Grambling State University graduates have mastered the space and discussion on GSU’s struggles, but have not turned the talk into advocacy. From Chicago to Dallas, from Los Angeles to Washington D.C., there is no more time or room for Internet advocacy.
Grambling’s supporters must transition, en masse, from over-excited observers to active stakeholders.
A lack of action over the next two weeks, or reaction playing out in the form of showing out at the next UL board meeting, may result in the last president Grambling will ever see, because another term of failed leadership will authorize the state’s power structure to pull the plug on autonomy, and to merge the school with another University of Louisiana System School in the next few years.
After all, the system has spent a lot of time and money illegally duplicating most of Grambling’s most attractive programs in business, kinesiology, and secondary education at nearby Louisiana Tech, all to prepare for the exact moment of seamless, race-baiting, tradition-erasing, cost-saving efficiency.
And no one seemed to notice, because the school changed presidential identities often enough so that the distraction of leadership transition would be enough to divert attention away from the separate-but-equal setup between the two schools, and its long-term effects.
Grambling State alumni must force the issue on the naming of its next president, and outside of Facebook, message boards, group chats and email exchanges, must begin to immerse themselves in details about the condition of GSU, not just the conspiracy theories which revolve around all HBCUs, and Louisiana’s public black colleges in particular.
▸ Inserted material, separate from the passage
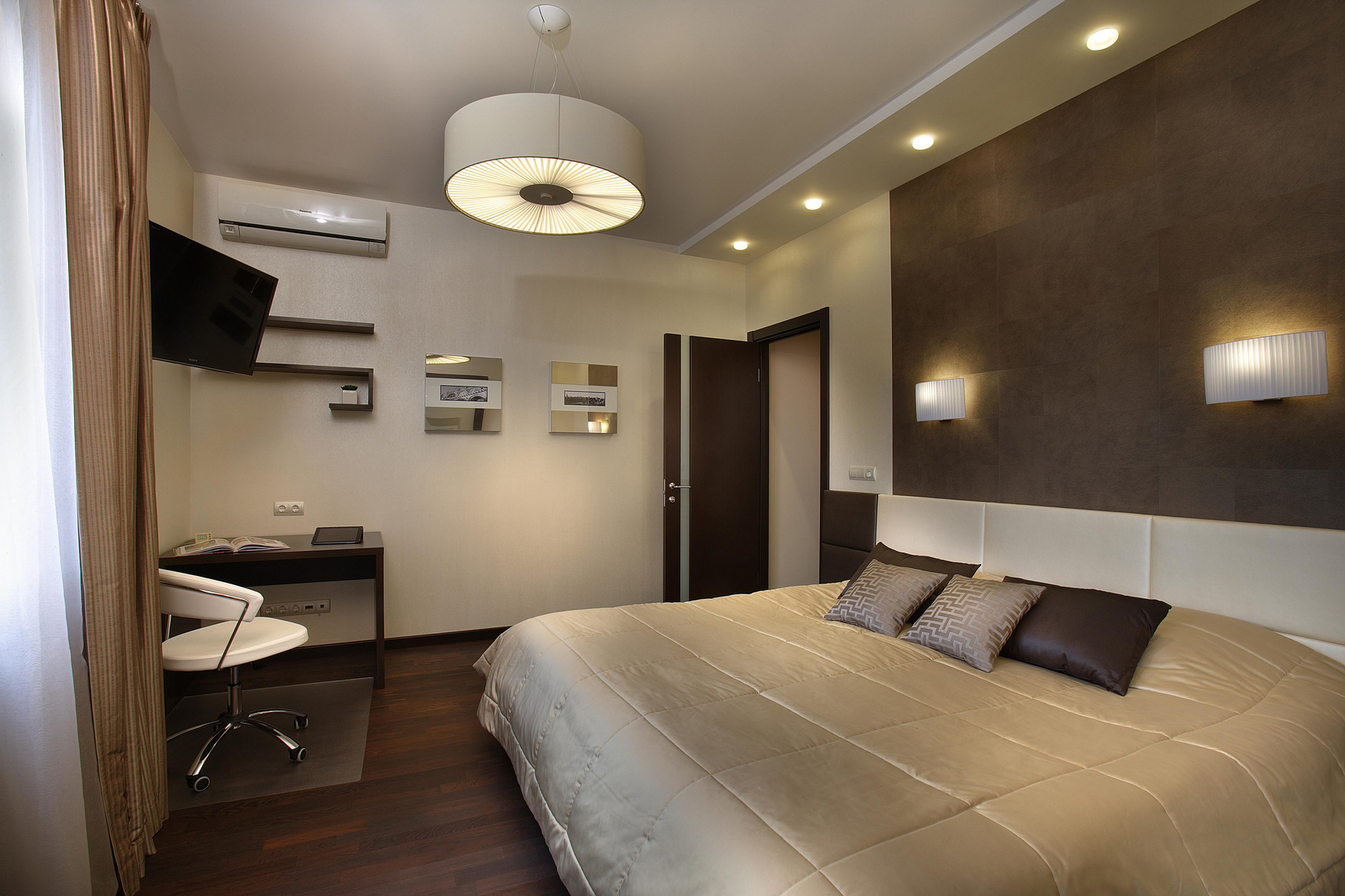 - The base light should not be cold and bright, as the bedroom is a resting place. It uses chandeliers with upward shades or opaque lampshades of ceiling lights. The ideal option is to adjust the intensity of the main lighting.

They have to know what the endowment is, which programs are graduating large numbers of students, how much money has been appropriated to Grambling over the last five years and how the money was spent. They need to know which alumni chapters are giving the most money, what areas of the state and country send the largest number of undergraduate students to campus, and which corporations in Louisiana have worked with Grambling in the last 20 years.
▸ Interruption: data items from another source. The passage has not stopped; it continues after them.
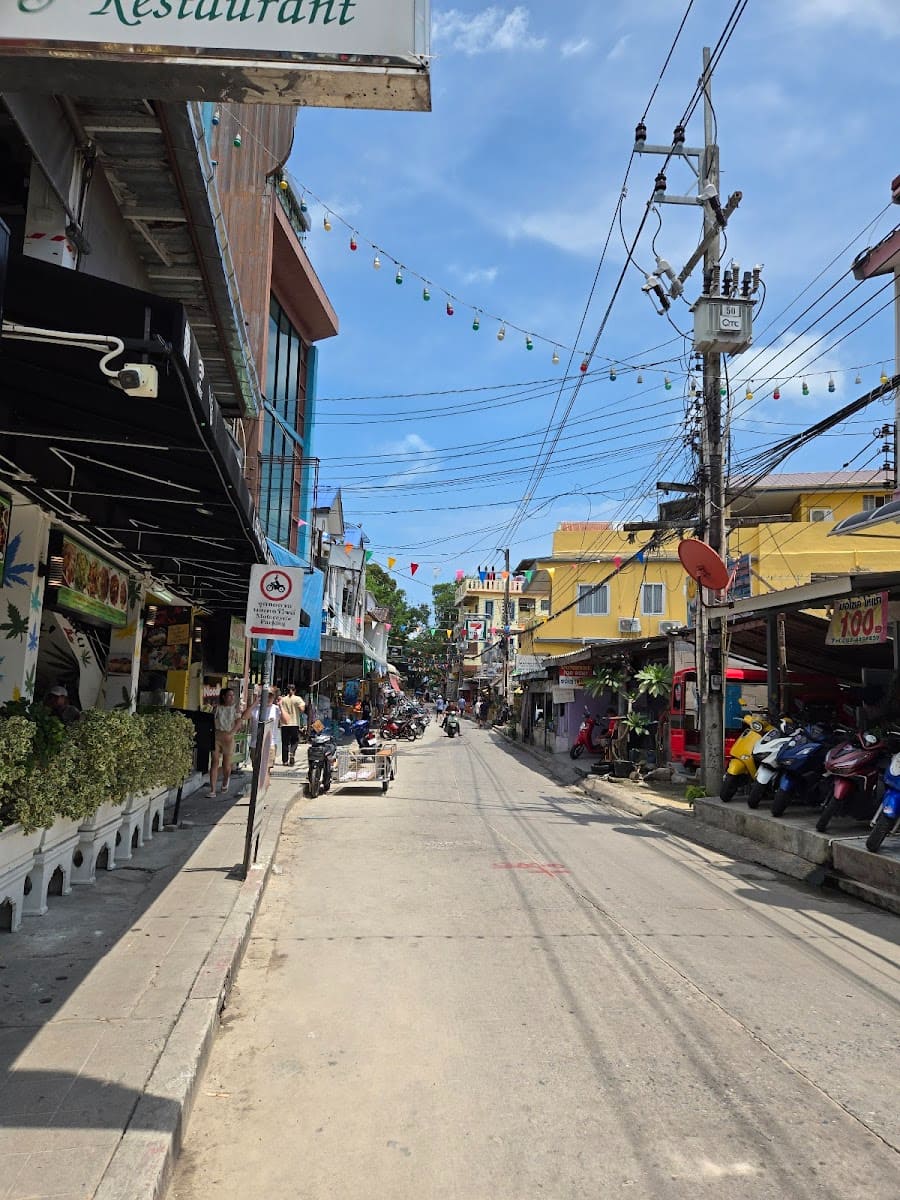 Cibo e bevande. Tre ristoranti sul lungomare servono di tutto, dal curry thailandese alla pizza cotta nel forno a legna. Il Paradise Restaurant è diventato il mio posto preferito: il loro curry verde costa 180 THB (5 USD) e i loro frullati di mango fresco 90 THB (3 USD). Diversi hotel e resort si trovano a pochi passi dalla spiaggia, rendendo facile godersi ogni pasto con vista sul mare.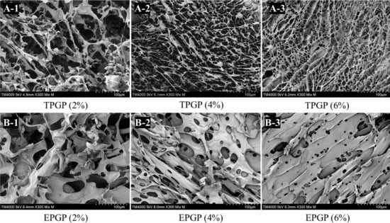 The microstructure of TPGP (A-1–A-3) and EPGP (B-1–B-3) gel with different concentration under different concentrations by SEM.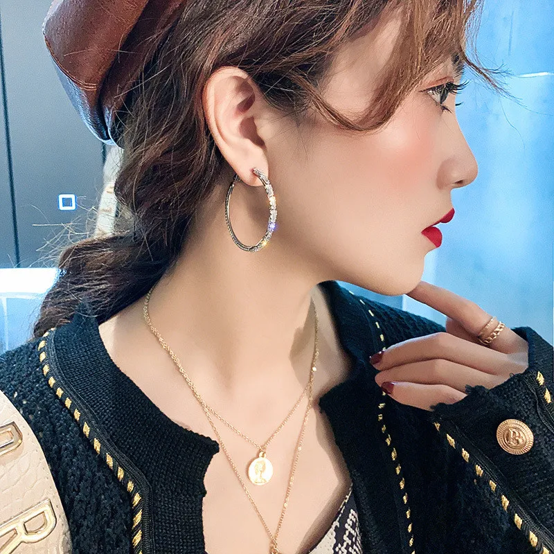 Victoria’s Vogue Shine Round Geometric Zircon Hoop Earrings for Women Circle Crystal Earrings Jewelry Party Gifts

These are just a handful of the dozens of questions which can help in shaping the ideal profile for a presidential search, and in building the profile for who GSU grads should demand the state to consider for the presidential vacancy. If alumni decide that building enrollment is the top priority, then they should consider a candidate with extensive experience in student affairs, and preferably with existing ties to Louisiana.
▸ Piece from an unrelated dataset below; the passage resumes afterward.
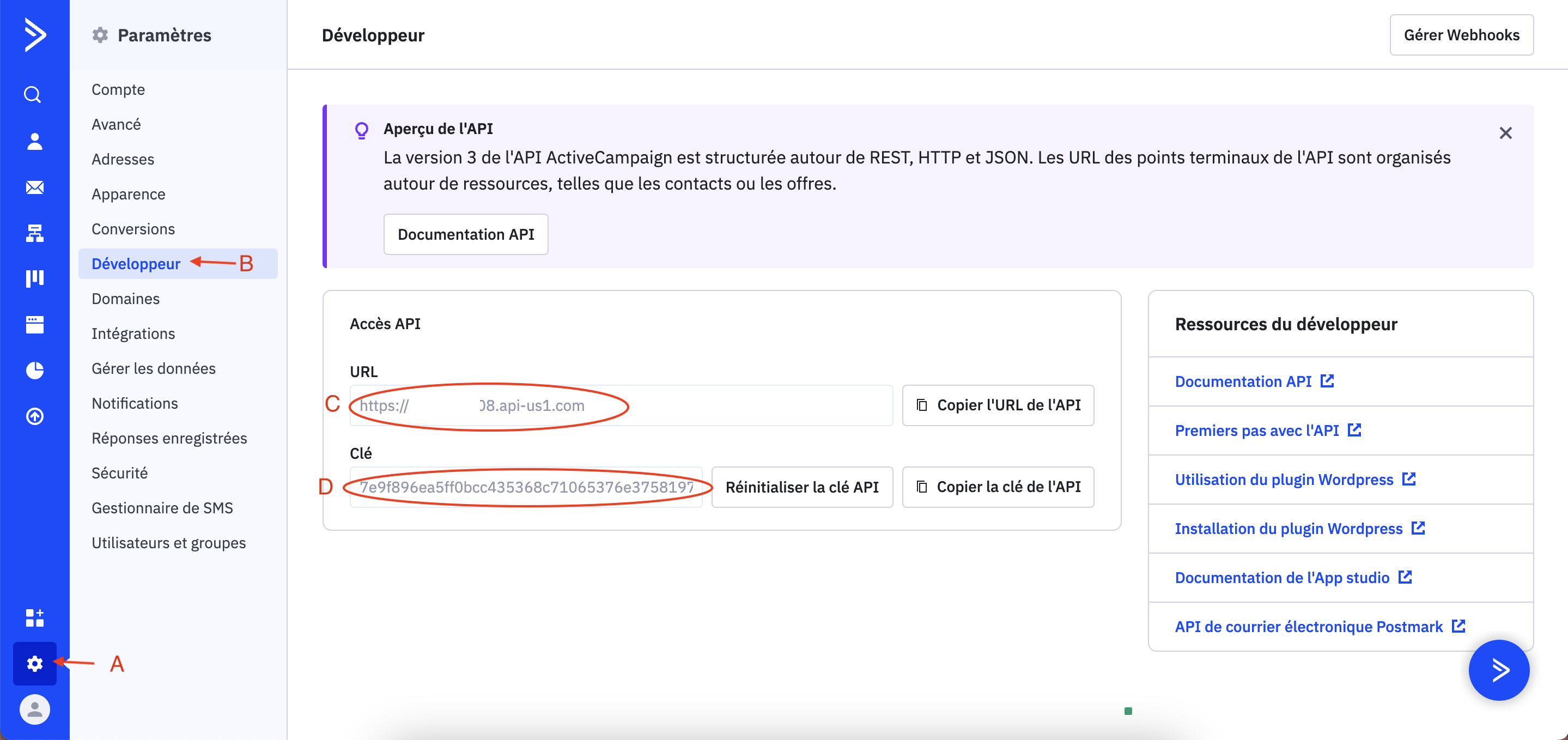 1. Allez dans les paramètres (A), cliquez sur développeur (B) pour trouver un URL (C) et une clé (D).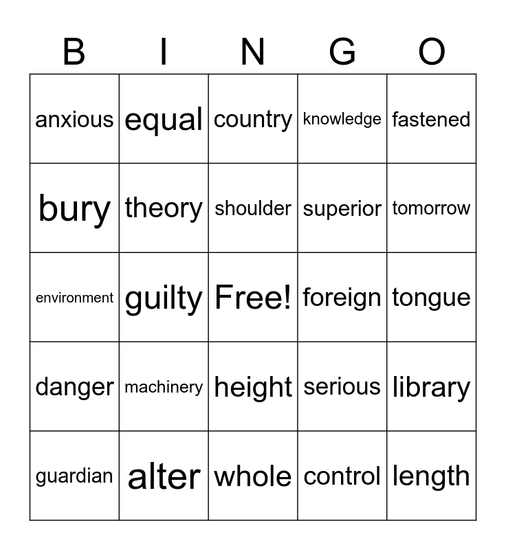 This bingo card has a free space and 24 words: machinery, alter, shoulder, guardian, fastened, anxious, bury, equal, foreign, height, superior, environment, serious, library, theory, control, tongue, country, tomorrow, guilty, length, danger, knowledge and whole.

If the top priority is reestablishing the nursing school and building program capacity and faculty resources, then alumni should consider an academician with proven success in accreditation approval and monitoring, specifically with previous experience in areas of social science, education, business or health sciences.
If the most important thing is building connections with legislators, alumni and donors, then alumni should consider someone who brings in a cadre of active donor prospects, legislative victories and media savvy. But that person must be surrounded by a presidential mentor to help in identifying strong candidates for provost and student affairs, to account for the amount of time that will be necessary for them to spend off campus raising money.
But if Gramblinites decide that all three aspects are equal in importance, then they must identify a sitting executive with years of experience as a faculty member and with substantial brand power to leverage attention and insulation from the UL Board and legislators, at least for the first two years while they recover from the alumni coup.
All of this requires research, intellect and constant communication. And according to the UL Board, there’s less than two weeks before a new president could be named. In the reality of media cycles, that gives alumni a short week following a holiday weekend to review the HBCU landscape and talent-spot people who would be willing to live in rural Louisiana, to deal with an antagonistic board, to deal with a small faction of prominent alumni who want to make money off of the campus and its struggles, to deal with faculty who are likely to vote no confidence at the first sign of perceived wavering, and to deal with legislators who could pull the plug on the school with one audit request.
And despite all of that, there are several candidates around the country and in Louisiana who are interested in the job. All alumni have to do is find them, and tell the UL board that anyone less than the caliber of people assembled on their list is an outright declaration of harmful intention against the school, and grounds for legal action.
Good luck, Tigers. It is your time, but you don’t have much of it left.